Soon after leaving Oxford in 1609, Wake undertook a grand tour of France, the Low Countries, and Italy. At Venice, where he resided for the next five years, he became the secretary of the newly appointed ambassador, Sir Dudley Carleton, to whom he had probably been recommended by Savile and by his own kinsman, Sir John Digby*, ambassador to Spain.

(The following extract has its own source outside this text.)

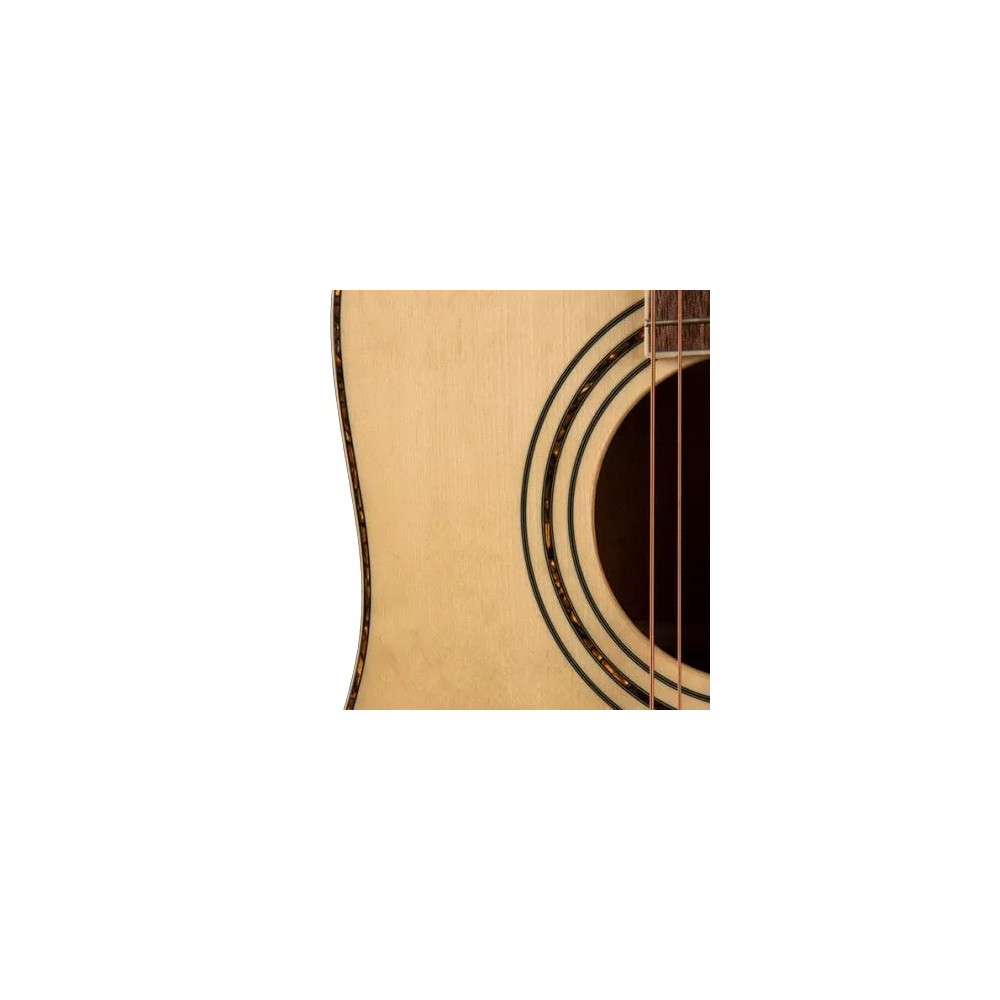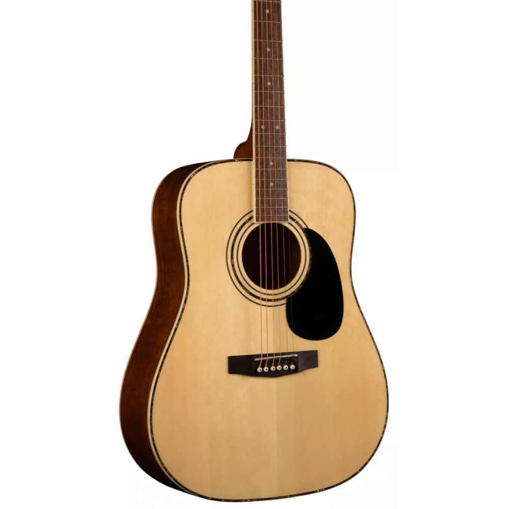 Cort AD 880 NS je akustická kytara z nejstarší akustické řady Standard, která definuje vynikající výkon a hodnotu za rozumné peníze. Kytary Standard Series jsou cenově dostupné, ale nabízejí solidní výkon pro začátečníky i amatéry v řadě modelů s různými typy funkcí pro každou herní situaci. AD880 má smrkovou vrchní desku, mahagonovou zadní desku a luby a vavřínový hmatník. Barevné provedení je Natural Satin - přírodní matné. Smrková vrchní deska Smrk poskytuje ideální rovnováhu mezi pevností a flexibilitou, a proto je jeho drtivá popularita jako dřeva volby pro desky akustických kytar. Díky všestrannému zvukovému charakteru je Spruce ideální pro různé hudební žánry a styly hraní. Mahagonové luby a záď Světlé, ale přirozené se silným a teplým středem, milované mahagonové dřevo je standardem pro zadní a boční strany na prémiové akustice po mnoho desetiletí. Specifikace Typ: Akustická kytara Tvar těla: Dreadnought Vrchní deska: smrk Zadní deska a luby: mahagon Luby: mahagon Krk: mahagon Tvar krku: C Hmatník: merbau Kobylka: fíkovník Vykládání těla: černé Šířka nultého pražce: 43 mm Rádius krku: 400 mm Mensura: 648 mm Počet pražců: 20 Roseta: vícevrstvá tiger acryl Pickguard: černý Ladící mechaniky: litinové Žebrování: Advanced X-bracing Struny: potahované Barva: Natural Satin - přírodní matná Pouzdro: ne Připravil PJ

Early in 1624 Chamberlain wrote that Wake was to return to Italy as ambassador to Venice, ‘with a large commission for all Italy’, but his precise instructions would depend upon how Parliament responded to the failure of the Spanish Match; as Chamberlain shrewdly observed, ‘his employment is at the stake to stand or fall as matters pass there, though he have received his letters and instructions, and lords it handsomely already’. It was thus not simply as a Crown servant, but as one with a special task to perform, that Wake was returned to the Parliament of 1624 for Oxford University. Chamberlain commented upon Wake’s regular attendance in the House, and it is clear that he made a significant contribution to the revelations of Spanish treachery.
Wake remained in Italy, even matriculating at the university of Padua in 1625, until his transfer to the Paris embassy in 1631. Early the following year he threw his hat in to the competition to succeed Carleton as secretary of state; but he died intestate ‘of a burning fever’ at Paris in June 1632.